▶ [DATA SECTION]:
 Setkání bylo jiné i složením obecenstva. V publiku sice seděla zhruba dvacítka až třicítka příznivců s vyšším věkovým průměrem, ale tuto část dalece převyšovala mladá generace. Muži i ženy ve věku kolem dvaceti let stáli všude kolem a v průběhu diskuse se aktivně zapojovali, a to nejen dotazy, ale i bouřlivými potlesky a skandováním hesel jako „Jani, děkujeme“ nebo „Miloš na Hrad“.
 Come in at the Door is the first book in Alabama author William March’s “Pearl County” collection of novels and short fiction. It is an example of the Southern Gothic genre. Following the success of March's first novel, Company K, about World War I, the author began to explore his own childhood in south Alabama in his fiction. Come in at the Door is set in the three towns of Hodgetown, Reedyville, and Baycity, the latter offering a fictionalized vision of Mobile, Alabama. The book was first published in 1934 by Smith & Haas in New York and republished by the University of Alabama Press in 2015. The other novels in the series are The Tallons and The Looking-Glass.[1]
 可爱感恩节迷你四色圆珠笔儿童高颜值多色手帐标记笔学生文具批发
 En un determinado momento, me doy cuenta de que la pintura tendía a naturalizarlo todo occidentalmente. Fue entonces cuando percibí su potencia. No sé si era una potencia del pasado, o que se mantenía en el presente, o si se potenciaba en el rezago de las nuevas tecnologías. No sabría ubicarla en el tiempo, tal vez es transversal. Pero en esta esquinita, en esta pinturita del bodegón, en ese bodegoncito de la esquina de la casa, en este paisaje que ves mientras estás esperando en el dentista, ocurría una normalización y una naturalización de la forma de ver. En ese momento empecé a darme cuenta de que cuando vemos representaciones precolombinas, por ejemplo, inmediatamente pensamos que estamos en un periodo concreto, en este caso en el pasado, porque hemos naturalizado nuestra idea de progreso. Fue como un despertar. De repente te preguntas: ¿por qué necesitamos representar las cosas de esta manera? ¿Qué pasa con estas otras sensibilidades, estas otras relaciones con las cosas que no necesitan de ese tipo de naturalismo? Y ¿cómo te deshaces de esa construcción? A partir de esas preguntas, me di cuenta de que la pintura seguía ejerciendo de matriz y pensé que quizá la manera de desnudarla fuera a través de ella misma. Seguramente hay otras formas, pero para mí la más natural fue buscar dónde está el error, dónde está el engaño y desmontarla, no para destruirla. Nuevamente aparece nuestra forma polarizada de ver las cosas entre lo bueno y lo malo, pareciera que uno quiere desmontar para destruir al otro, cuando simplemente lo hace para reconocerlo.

▶ [TASK ITEM]:
Print the data above exactly as it reads.

▶ [YOUR RESPONSE]:
 Setkání bylo jiné i složením obecenstva. V publiku sice seděla zhruba dvacítka až třicítka příznivců s vyšším věkovým průměrem, ale tuto část dalece převyšovala mladá generace. Muži i ženy ve věku kolem dvaceti let stáli všude kolem a v průběhu diskuse se aktivně zapojovali, a to nejen dotazy, ale i bouřlivými potlesky a skandováním hesel jako „Jani, děkujeme“ nebo „Miloš na Hrad“.
 Come in at the Door is the first book in Alabama author William March’s “Pearl County” collection of novels and short fiction. It is an example of the Southern Gothic genre. Following the success of March's first novel, Company K, about World War I, the author began to explore his own childhood in south Alabama in his fiction. Come in at the Door is set in the three towns of Hodgetown, Reedyville, and Baycity, the latter offering a fictionalized vision of Mobile, Alabama. The book was first published in 1934 by Smith & Haas in New York and republished by the University of Alabama Press in 2015. The other novels in the series are The Tallons and The Looking-Glass.[1]
 可爱感恩节迷你四色圆珠笔儿童高颜值多色手帐标记笔学生文具批发
 En un determinado momento, me doy cuenta de que la pintura tendía a naturalizarlo todo occidentalmente. Fue entonces cuando percibí su potencia. No sé si era una potencia del pasado, o que se mantenía en el presente, o si se potenciaba en el rezago de las nuevas tecnologías. No sabría ubicarla en el tiempo, tal vez es transversal. Pero en esta esquinita, en esta pinturita del bodegón, en ese bodegoncito de la esquina de la casa, en este paisaje que ves mientras estás esperando en el dentista, ocurría una normalización y una naturalización de la forma de ver. En ese momento empecé a darme cuenta de que cuando vemos representaciones precolombinas, por ejemplo, inmediatamente pensamos que estamos en un periodo concreto, en este caso en el pasado, porque hemos naturalizado nuestra idea de progreso. Fue como un despertar. De repente te preguntas: ¿por qué necesitamos representar las cosas de esta manera? ¿Qué pasa con estas otras sensibilidades, estas otras relaciones con las cosas que no necesitan de ese tipo de naturalismo? Y ¿cómo te deshaces de esa construcción? A partir de esas preguntas, me di cuenta de que la pintura seguía ejerciendo de matriz y pensé que quizá la manera de desnudarla fuera a través de ella misma. Seguramente hay otras formas, pero para mí la más natural fue buscar dónde está el error, dónde está el engaño y desmontarla, no para destruirla. Nuevamente aparece nuestra forma polarizada de ver las cosas entre lo bueno y lo malo, pareciera que uno quiere desmontar para destruir al otro, cuando simplemente lo hace para reconocerlo.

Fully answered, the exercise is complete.